Johnny D said 2 months ago
I am not really sure if I am being mocked or not...
illdthedj said 2 months ago
im a ravey-rave dj, and one night i was djing at an "underground" party, which we call renegades, that was located in a broken-into warehouse in the industrial area of east oakland, california. in case you dont know this area is extremely fucking ghetto, like, gunshots down the street every night ghetto. i used to live in west oakland, which is not as ghetto but me and my roommates were definently the only white people for miles. why? because rent was cheap, and college was expensive. why throw an illegal party in the fucking ghetto? because permits for permitted venues are expensive. abandoned warehouses are free.

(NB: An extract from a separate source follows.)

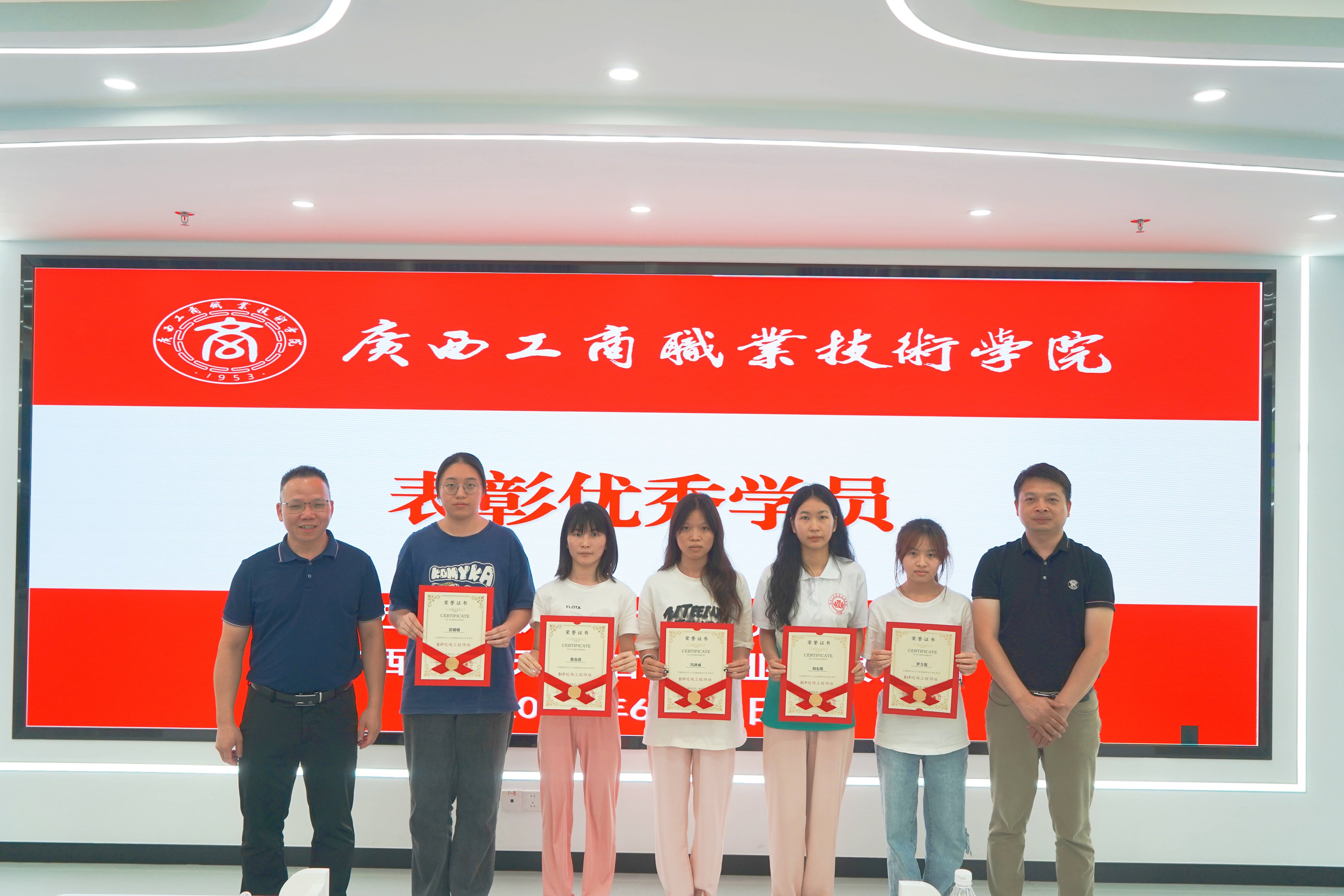 阙勇平副校长肯定了会计学院与布道天下信息产业有限公司在产教融合校企合作方面的成效,强调了产教融合在双高建设中的重要性,同时感谢布道天下公司给予同学们提供的学习和实践的机会,鼓励同学们努力学习,考取BIP证书,成为数智产业的优秀工程师。总结会上还对5名优秀学员进行了表彰,并颁发了证书。

the party was fun until around 4 am, when a group of thug-gangsters broke into the front of the warehouse and started beating up the guy watching the front door with the cashbox (i think they were charging 5 bux a head). I ran over to the 4 thugs and rammed into one of them pushing him into two of the others. it was really dark, and i ended up getting sucker punched from the side by one of them. i had a black eye, but they ran away and didnt get the cash. i was really glad they did, because i would be scared to fight them, not because im scared to fight (i was def. bigger than all of them, im 6'3 and 230 pounds), but its a really good chance one of them had a gun, or had a gun in the car, or had a homeboy close by with a gun. thats when we decided to end the party and get the fuck out of there, else they might come back with more thugs and/or guns.
thats the first time ive ever had a black eye, and thats the last time i djed in east oakland.
dcastle8183 said 2 months ago
Great posts, I was attacked at around 18 by what I thought was a big burly female mental patient. We had been out drinking and stopped by a Mapco to pee behind the building and felt the need to puke.
When I looked up I saw this shadowy figure coming from around the corner. I kind of nodded at her then turned to walk away when she got me in a bear bug and wrestled me to the ground.
I was so caught off guard that I was frozen. I dont know why now but I didnt fight back, I guess I was to startled and drunk but I managed to drag myself and her around the corner where some buddies of mine were sitting in the car.
They saw me and started pointing and laughing. When they saw by the look on my face this was no joke they came got me and beat up the lady. It took my buddy john to, what sounded like her hand breaking to unclench it from my jacket. I kicked her and we ran, hopped in teh car and jetted! It was CRAZY!